Elwyn Ralph Berlekamp (September 6, 1940 – April 9, 2019) was a professor of mathematics and computer science at the University of California, Berkeley. Berlekamp was widely known for his work in computer science, coding theory and combinatorial game theory.

Berlekamp was the inventor of the algorithm to factor polynomials, and was one of the inventors of the Berlekamp–Welch algorithm and the Berlekamp–Massey algorithms, which are used to implement Reed–Solomon error correction.

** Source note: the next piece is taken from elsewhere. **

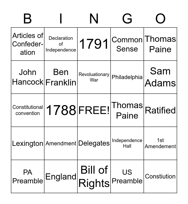 This bingo card has a free space and 24 words: Amendment, England, Revoluationary War, PA Preamble, Thomas Paine, Articles of Confeder-ation, John Hancock, Declaration of Independence, Thomas Paine, Delegates, Philadelphia, Constitutional convention, Independence Hall, 1st Amendement, Ben Franklin, US Preamble, Ratified, 1791, Sam Adams, 1788, Constiution, Lexington, Common Sense and Bill of Rights.

Berlekamp had also been active in investing, and ran Axcom, which became Renaissance Technologies' Medallion Fund.

Life and education
Berlekamp was born in Dover, Ohio. His family moved to Northern Kentucky, where Berlekamp graduated from Ft. Thomas Highlands high school in Ft. Thomas, Campbell county, Kentucky. While an undergraduate at the Massachusetts Institute of Technology (MIT), he was a Putnam Fellow in 1961.  He completed his bachelor's and master's degrees in electrical engineering in 1962.  Continuing his studies at MIT, he finished his Ph.D. in electrical engineering in 1964; his advisors were Robert G. Gallager, Peter Elias, Claude Shannon, and John Wozencraft.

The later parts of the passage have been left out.